> **TASK BRIEF**
Pictures excluded, return the lines below from the first through the line holding "백지영은 22일 KBS".

> **DATASET ENTRIES**
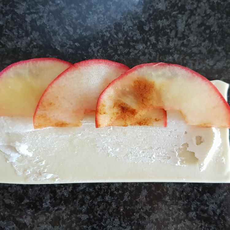 Cut the apple in two halves. with a spoon get rid of the appleseeds. Cut the apple halves in thin stripes. Put the stripes in a bowl and cover them with cinnamon and lemon juice. Cook the halves in the microwave for 2 minutes to get them soft.
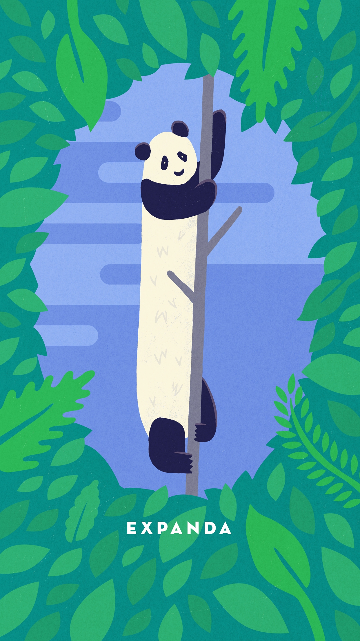 Description: A panda bear hanging on to a tree branch in the jungle with leaves around it and the words expand above it.
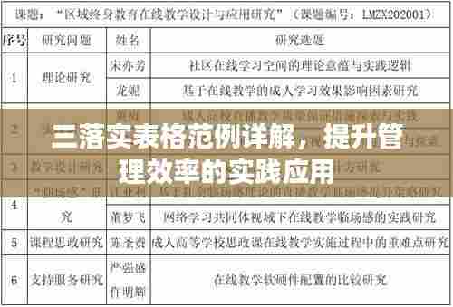 在现代企业管理中,"三落实"是一种重要的工作原则,包括任务落实、责任落实和执行落实,为了有效推进三落实工作,许多企业开始采用表格化管理,通过制定详细的表格范例来指导员工完成各项工作任务,本文将介绍三落实表格范例及其应用,以帮助企业更好地推进三落实工作。
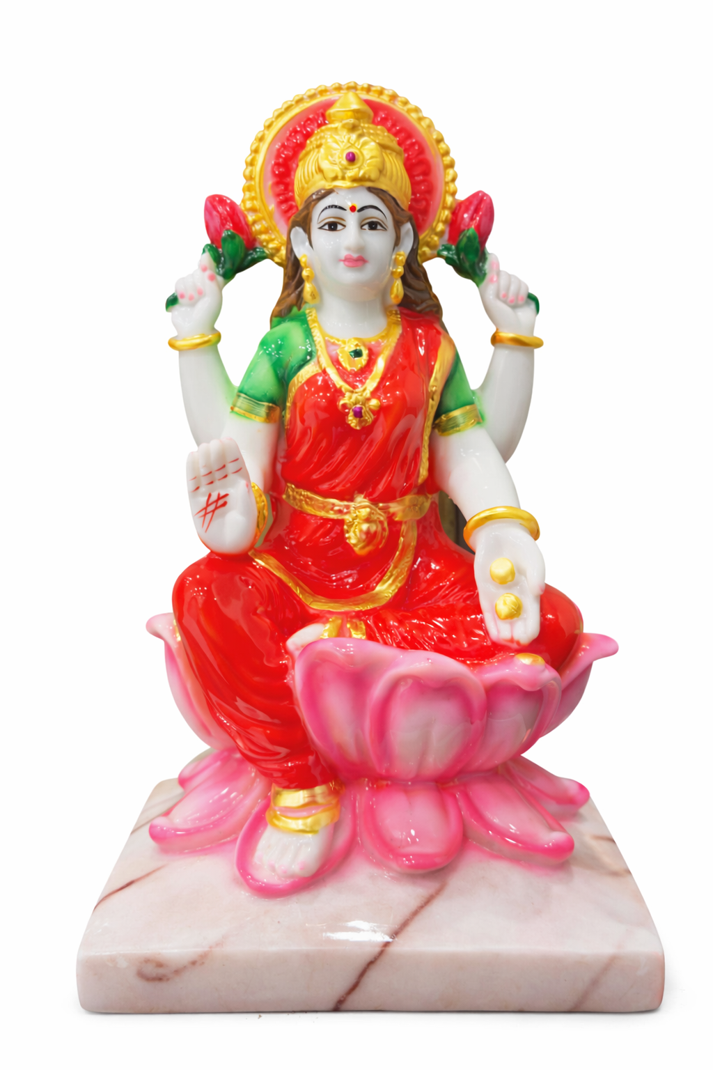 Adorned in a vibrant red saree with green blouse and elegant gold detailing, the statue showcases fine craftsmanship and intricate finishing. The golden crown, lotus flowers in her hands, and flowing coins represent blessings of prosperity and success. The polished marble base enhances its premium and devotional appeal.
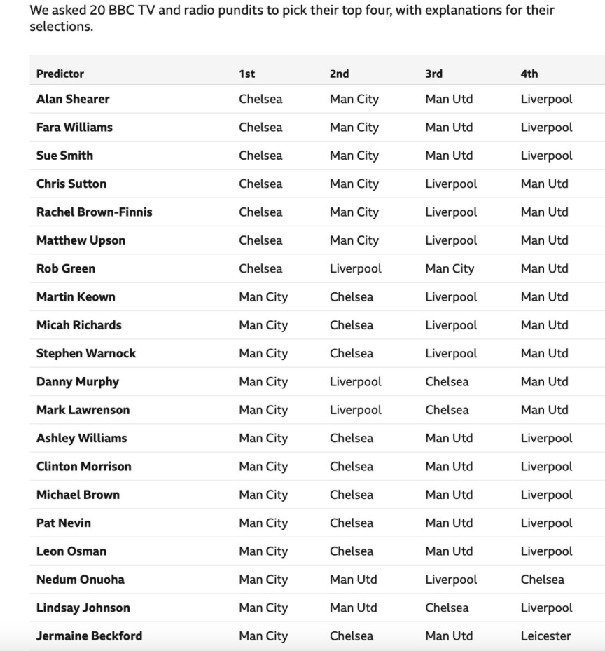 BBC опубликовала список прогнозов своих экспертов - они попросили 20 из них составить топ-4 на следующий сезон.
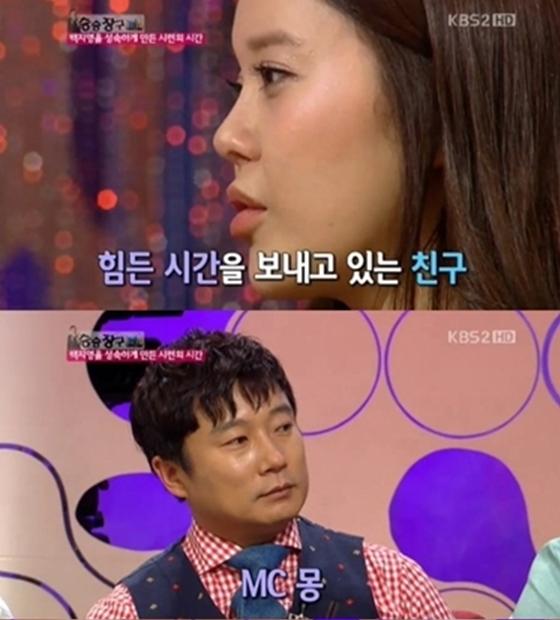 백지영은 22일 KBS 2TV '승승장구'에 출연해 "내 친한 친구가 과거 내가 겪었던 힘든 시간을 견디고 있다"고 전했다.
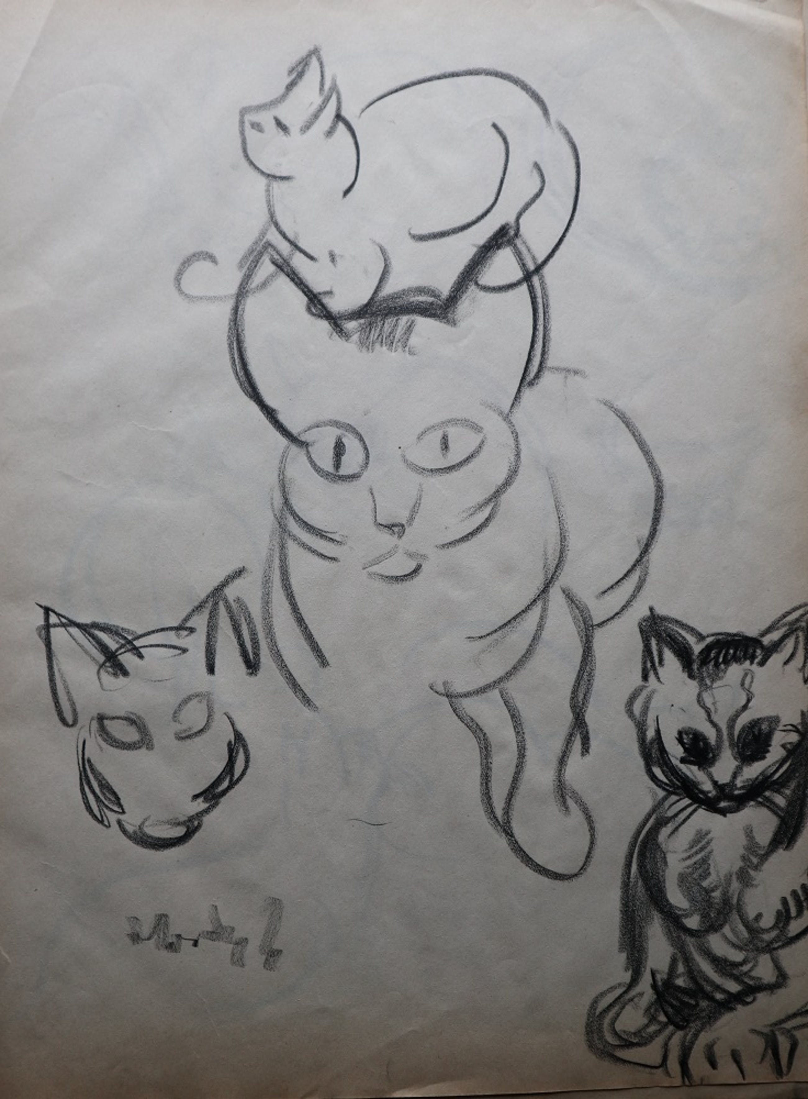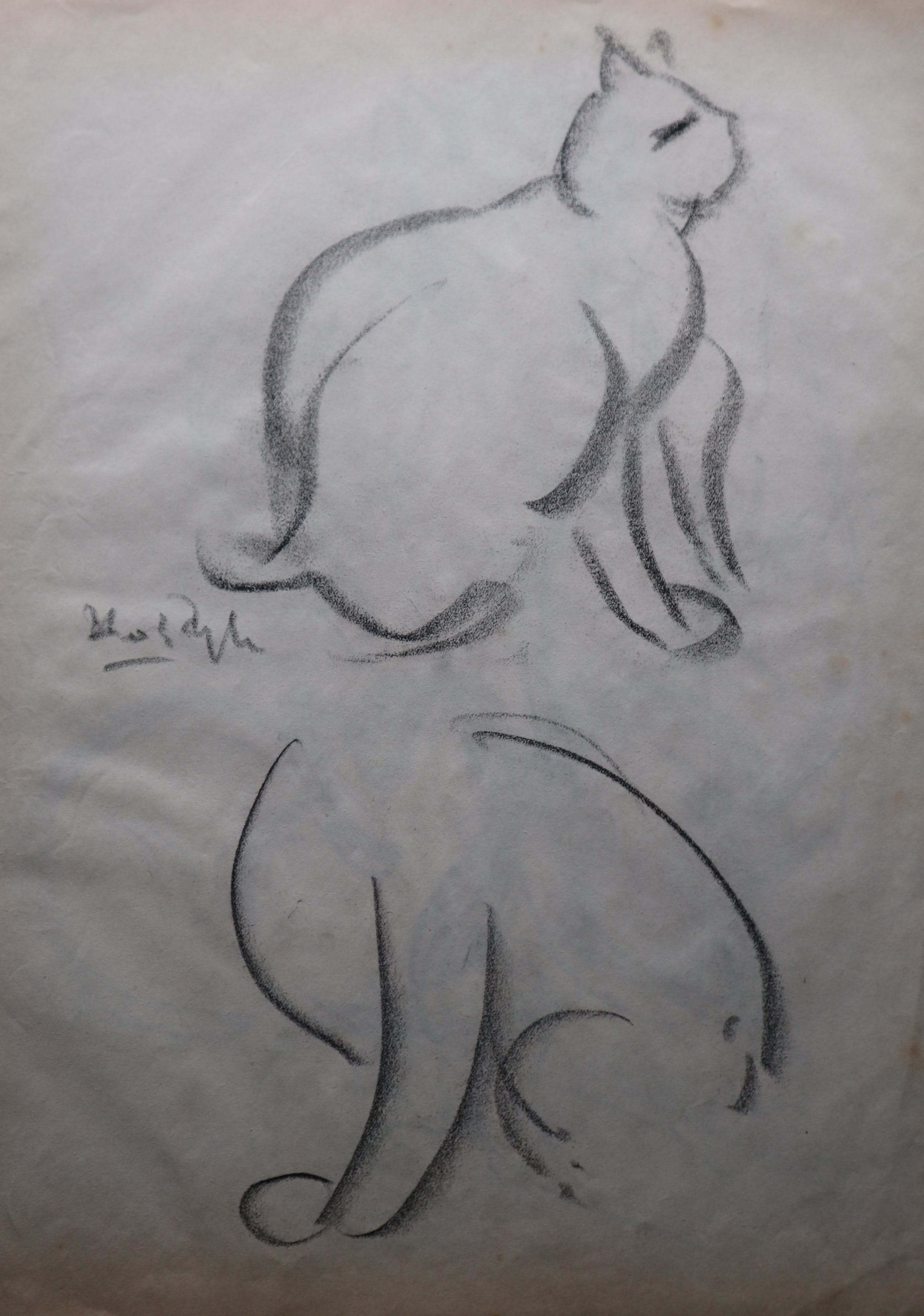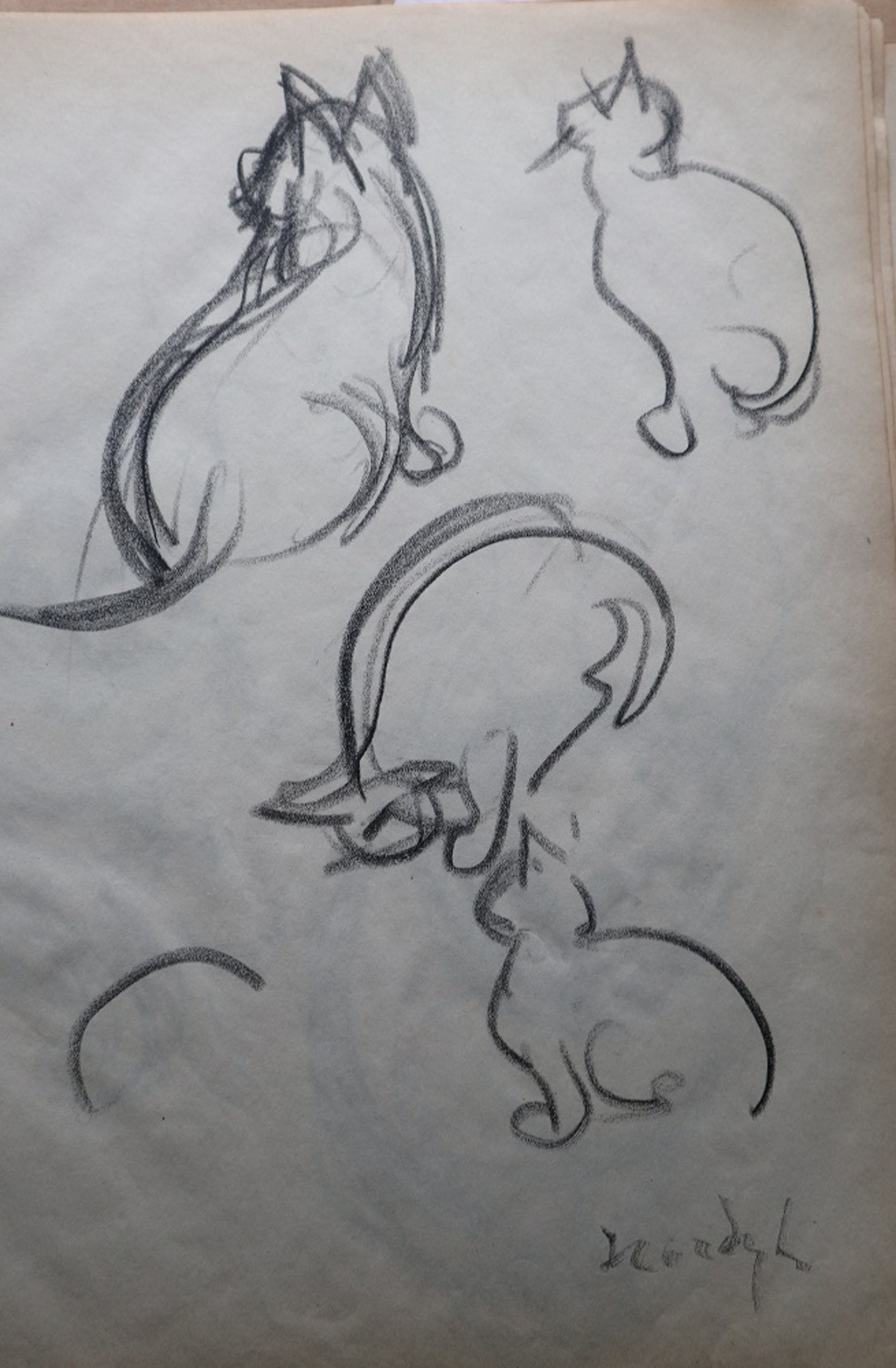 Hierbij bied ik aan een prachtig schetsboek van de Nederlandse schilder Gerard Hordijk 1899-1958. De bladen van het schetsboek hebben losgelaten van het kaft, maar zijn in redelijke conditie. Hordijk heeft dit geschilderd in ca. 1930 in zijn Parijse periode toen hij de onderbuurman van Piet Mondriaan was. Zie het aan de binnenzijde geschreven adres. Het zijn over de vijftig bladen ( ik heb ze niet geteld, misschien meer, misschien iets minder, het zijn er veel. Poezen studies en studies van mensen. Een bijzonder schetsboek! Sommige bladen zijn gesigneerd.
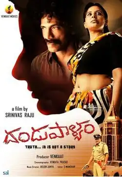Dandupalya is a 2012 Indian Kannada-language crime film directed by Srinivas Raju and starring Pooja Gandhi, Ravi Kale, Makarand Deshpande, P. Ravishankar and Raghu Mukherjee. The plot is based on the real-life exploits of a notorious gang named Dandupalya. The film was a major commercial success and became one of the highest-grossing Kannada films at the time, being shown for more than 100-days in multiple centres.[3] With Gandhi in the lead, it turned out to be the highest grossing female lead film in Kannada cinema.
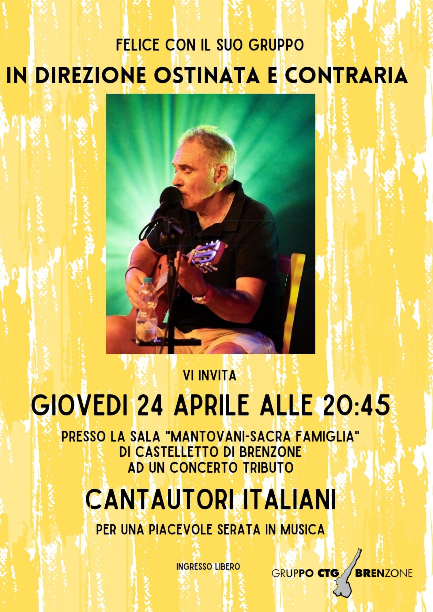 Questa volta ci incontriamo attraverso la musica, in compagnia di un amico caro al CTG e a tutta Brenzone: Felice Consolini. Una serata dedicata ai grandi cantautori italiani, tra note, parole e tanta passione.

> **ANSWER SECTION**
 Cut the apple in two halves. with a spoon get rid of the appleseeds. Cut the apple halves in thin stripes. Put the stripes in a bowl and cover them with cinnamon and lemon juice. Cook the halves in the microwave for 2 minutes to get them soft.
 Description: A panda bear hanging on to a tree branch in the jungle with leaves around it and the words expand above it.
 在现代企业管理中,"三落实"是一种重要的工作原则,包括任务落实、责任落实和执行落实,为了有效推进三落实工作,许多企业开始采用表格化管理,通过制定详细的表格范例来指导员工完成各项工作任务,本文将介绍三落实表格范例及其应用,以帮助企业更好地推进三落实工作。
 Adorned in a vibrant red saree with green blouse and elegant gold detailing, the statue showcases fine craftsmanship and intricate finishing. The golden crown, lotus flowers in her hands, and flowing coins represent blessings of prosperity and success. The polished marble base enhances its premium and devotional appeal.
 BBC опубликовала список прогнозов своих экспертов - они попросили 20 из них составить топ-4 на следующий сезон.
 백지영은 22일 KBS 2TV '승승장구'에 출연해 "내 친한 친구가 과거 내가 겪었던 힘든 시간을 견디고 있다"고 전했다.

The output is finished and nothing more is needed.